Actor Chris Hemsworth recently posted a video of once such workout to Instagram. In it, he claimed that a monstrous-sounding blood-flow restriction technique he used during his workouts was the key to his massive arms.

"By restricting blood-flow and oxygen the muscles are forced to work harder in a shorter period of time and a bunch of other 'sports sciency' stuff happens," Hemsworth wrote in the caption of the post. "Basically it's one of the most uncomfortable training methods I've experienced but part of the puzzle in growing Thor's arms to look like the legs of a racehorse."

The video shows Australian trainer Ross Edgley strapping the blood-flow restriction bands around Hemsworth’s arms before cajoling him through a variety of intense arm workouts.
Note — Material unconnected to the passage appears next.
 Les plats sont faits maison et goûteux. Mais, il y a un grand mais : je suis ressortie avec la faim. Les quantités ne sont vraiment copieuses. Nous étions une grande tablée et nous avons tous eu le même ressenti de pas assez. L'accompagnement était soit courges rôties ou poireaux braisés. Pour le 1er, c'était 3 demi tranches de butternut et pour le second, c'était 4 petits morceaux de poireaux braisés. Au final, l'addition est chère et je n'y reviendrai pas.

The "Thor" actor can be seen grimacing and wincing in apparently immensely pain — although, of course, he is a professional actor — throughout the workout.
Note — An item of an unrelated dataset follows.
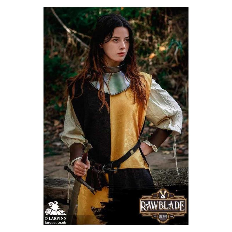 Made from premium cotton fabric and adorned with high-quality damasc pattern fabric, this tabard exudes elegance and authenticity. Crafted with meticulous attention to detail, the Harbinger Tabard features a stunning damasc pattern fabric that adds a touch of regality to your ensemble. The intricate designs and rich colors of the fabric create a visually striking appearance, capturing the essence of medieval aesthetics. Constructed from breathable and durable cotton fabric, this tabard ensures comfort and freedom of movement during intense battles and adventures. Its lightweight nature allows for easy wear and helps to keep you cool during long days at medieval events or Renaissance fairs.

While it seems like a grotesque and painful way to train, the science behind the restriction method is surprisingly sound. When blood is trapped in your arm, lactic acid begins to build up. This, in turn, releases more muscle growth hormones throughout your arms. In addition to the hormones, it also allows you to attain more muscle growth from a lighter amount of weight. 

"It's very useful for training around an injury that doesn't allow for heavier loads to be used," personal trainer Harry Smith — who doesn't work with Hemsworth — told Insider. "Blood-flow restriction training forces you to use much lighter loads than you usually would as the restricted venous return traps blood in the muscle, limiting its range of motion to an extent and causes a huge build-up of metabolites and lactic acid."

There is some evidence that blood-flow restriction workouts can result in muscle damage and, at worst, a debilitating condition known as rhabdomyolysis, according to a 2019 paper on the method. However, it should be noted that muscle damage occurs with many weight resistance workouts — so that's not completely out of the norm, and more followup study is needed to fully understand the technique.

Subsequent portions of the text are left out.